The Food and Nutrition Service (FNS) strongly believes that junk food is dangerous to one’s health. You don’t need to be a foodie, the agency says, but you shouldn’t be a junkie either. But in today’s scripture reading, Jesus seems to disagree. He has a radical theory about what truly makes us sick.


            Jesus makes an interesting and arguable assertion in verses 14 and 15 of today’s reading: “Listen to me, all of you, and understand: there is nothing outside a person that by going in can defile, but the things that come out are what defile.”

            The Food and Nutrition Service (FNS), a division of the U.S. Department of Agriculture, strongly disagrees,1 as do countless dieticians and nutritionists. What goes in the mouths of Americans on a daily basis, making the U.S. one of the most obese nations on the planet (12th out of 191),2 does indeed “defile” us, according to these experts.

            Some food is bad for us, and if ingested regularly or to excess can seriously mess us up. The list might surprise you: Fruit juice, soy protein, farmed salmon, sugar alcohols, microwave popcorn, margarine, shrimp, vegetable oils, table salt, artificial sweeteners, fat-free and low-fat milk, Agave nectar, canned green beans and pancakes for breakfast.3

Pancakes? Fortunately, there’s no ban on bacon. 

            Some foods have been banned from the U.S.: Haggis, Japanese puffer fish, shark fins, Ackee fruit, Beluga caviar, Queen conch, sea turtles, Kinder Surprise eggs, sassafras oil, Chilean sea bass, absinthe, horse meat and foie gras.4

            So, Jesus’ comment that “whatever goes into a person from outside cannot defile” notwithstanding,5 all of us know that if we want to be healthy, we’d best limit ourselves to one double-cheese-bacon-avocado-with-mayo burger a week. Or maybe one a month?
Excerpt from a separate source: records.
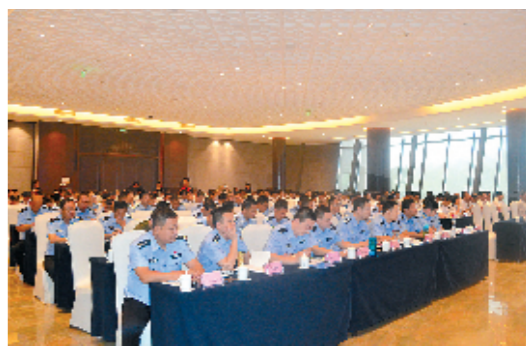
培训现场

本报讯 7月1日，全省卫生计生与公安部门执法工作培训会在济源召开。会议旨在进一步健全全省卫生计生行政执法与司法衔接机制，严厉打击非法行医、非法采供血、妨害传染病防治以及严重扰乱医疗服务秩序等涉及卫生计生领域的违法犯罪行为，维护正常的医疗服务秩序。18个省辖市和10个直管县的卫生计生行政部门、监督机构和公安部门治安支队、案件大队的主要负责人共200余人参加了此次培训。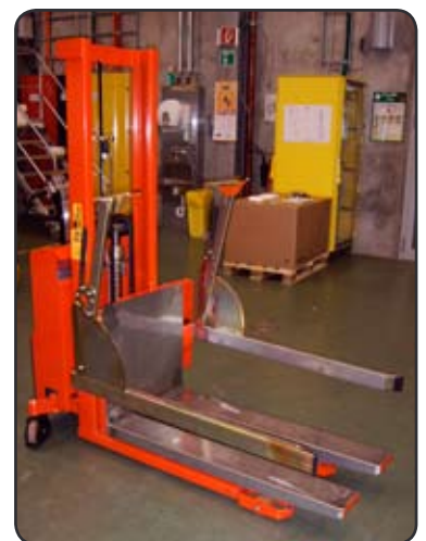
Rotator met inoxplaten voor transport van inox containers. Worden niet beschadigd en er kunnen geen verfoeltes in contact komen met de containers.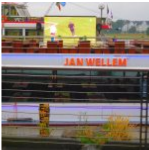
Tote Hose auf der Jan Wellem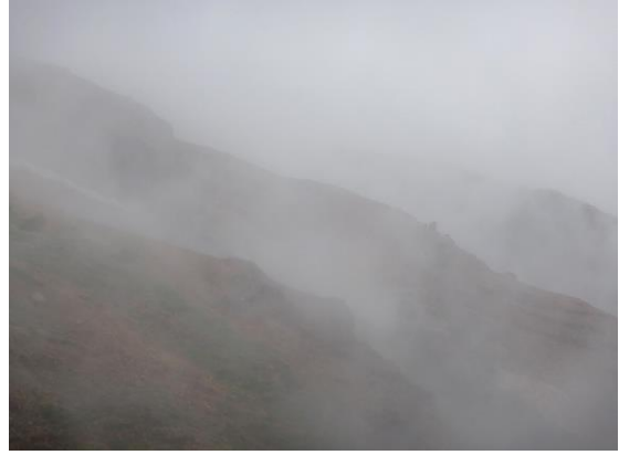
今日のお釜は霧の中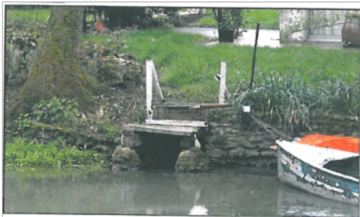
Photographie du repère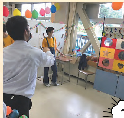
[1-5] キッキングスナイパーゲーム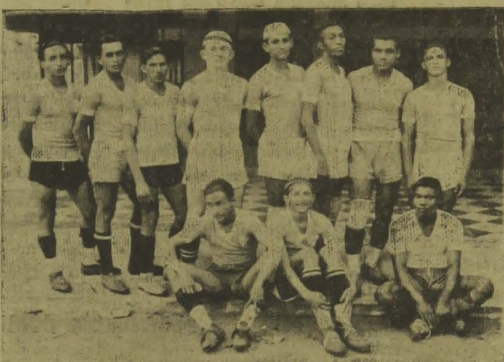
O excelente esquadro do "Felipeia" que vai enfrentar, hoje, à tarde, o "América", de Natal.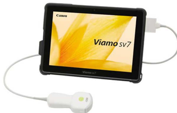
キャノンメディカル Viamo SV7 12インチモニター搭載 1.2kg 3時間バッテリー 256GBメモリー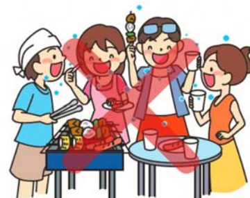
会話はマスク着用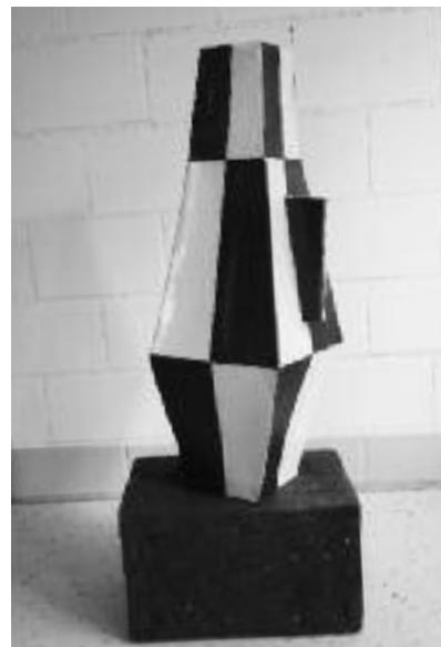
Liselotte Briner «Bodenkrug» Steinzeug

            What, then, does Jesus really mean? He surely cannot mean what we think he means, because we’re quite sure that he himself did not eat certain foods. He might have had pancakes, hash browns and scrambled eggs for breakfast, but not bacon. Didn’t happen.

            So we know that Jesus understood that there are some things you don’t eat. 

            Even the disciples were confused.6 They did not understand that Jesus’ point was that what goes into “the stomach, and goes out into the sewer” does not truly make us sick. The disease from which we suffer comes from a different source.